Here's the thing, and once again: SPOILER ALERT! Once the MUTO is unleashed and begins eating anything and everything nuclear (that's where it gets its power), we realize the MUTO isn't Godzilla, it's some sort of enormous, multi-legged, hideous, vaguely spider-esque creature, and it is on its way to mate with another MUTO, and if that happens, we're doomed. The special effects are first-rate, with the MUTO eating its way through the Vegas Strip while fending off the American military's attempts to bring it down.


'Godzilla' gets bogged down a bit with some running subplots, including Joe's now grown son Ford (Aaron Taylor-Johnson), who's a bomb disarmament specialist, frantically trying to figure out a way to kill the MUTO while his frantic wife (Elizabeth Olsen, wasted in the obligatory 'Please come home!' role) tends to the wounded in a hospital and worries herself sick about Ford's fate.

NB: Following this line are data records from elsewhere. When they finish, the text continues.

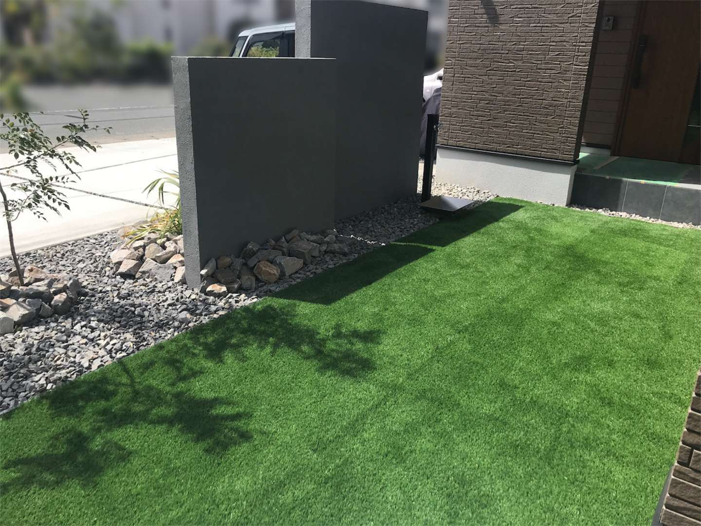 パレットローラー仕上げは、色ムラが少なく均一な塗膜が得られるため、スタイリッシュでシンプルな建物外観との相性が抜群です。また、門柱裏側には人工芝を敷設し、美観を保ちながら目隠し効果も確保しております。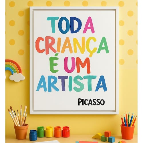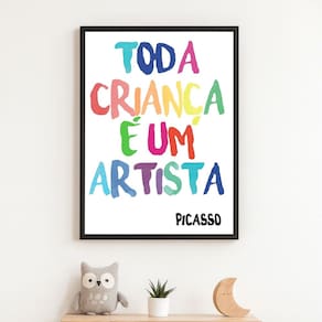 Quadro Canvas Criança Artista Picasso 60x40cm Mold Preta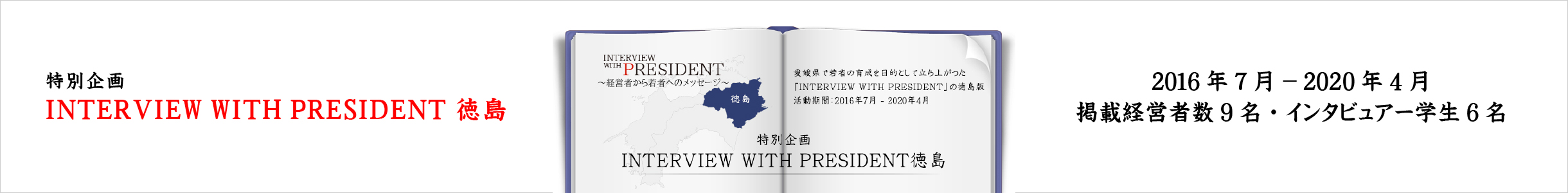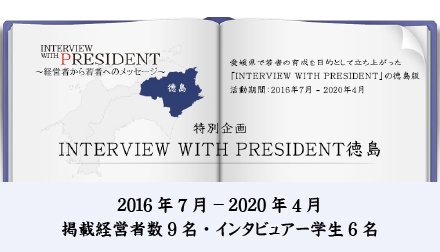 2014年、愛媛県の経営者の「思考・人柄」を皆様に伝えていくとともに、未来ある学生の「経験の場」を作りたいという思いから、「INTERVIEW WITH PRESIDENT」愛媛がスタート。これまで230名以上の経営者の方にご協力頂いています。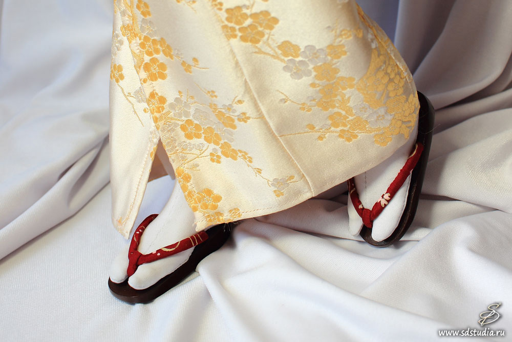 Общеизвестный факт - красивые и нарядные японские кимоно носятся с красивой национальной японской же обувью (гэта, дзори). А эта самая национальная обувь (в парадно-выходном варианте) носится со специальными носочками - таби. Вряд ли вы увидите где-нибудь прекрасную гейшу или майко в шикарном кимоно и босиком. Только в белоснежных таби! Да и самураи предпочитают к парадной одежде черные таби. Вот эти самые носки таби и будут нашим спасением. С помощью таких носочков можно "нарастить" ногу куклы и сделать "разделенные пальцы" для ношения гэта. Показываю, как это можно реализовать.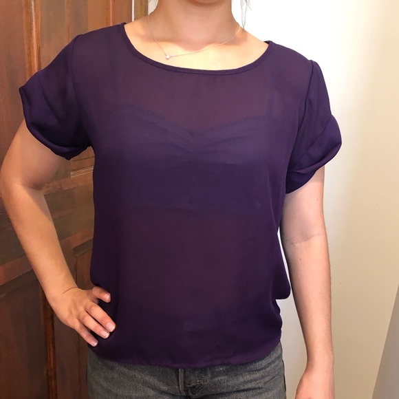 Sheer purple top with open back detailing. Feel free to leave any questions and be sure to check out my other listings for extra savings when you bundle :)

And then, finally, Godzilla makes a dramatic entrance, and let's just say he's almost worth the wait. San Francisco sustains a lot of damage as Godzilla and the two MUTOs intersect at the crossing of mayhem and destruction.


The script, credited to Max Borenstein, provides some interesting updates on the Godzilla legend but also resorts to a number of clichéd characters, with David Straitharn's wooden Navy admiral character saddled with much of the most cringe-worthy dialogue. Cranston is terrific, whether he's playing Joe as the contented married man whistling his way to work at the ol' power plant, or the later Joe, a paranoid conspiracy theorist whose paranoia happens to be wholly justified.


Of course the special effects are the best we've ever seen in a 'Godzilla' movie. Edwards and his team produce consistently stunning visuals, with more than touch of Spielbergian influence at work. I still would have liked to see more of, you know, Godzilla in 'Godzilla,' and the ending is cornier than an Iowa farm field in July, but this effort is still leaps and bounds ahead of the 1998 bomb and that terrible, dumbed-down U.S. edition of the original.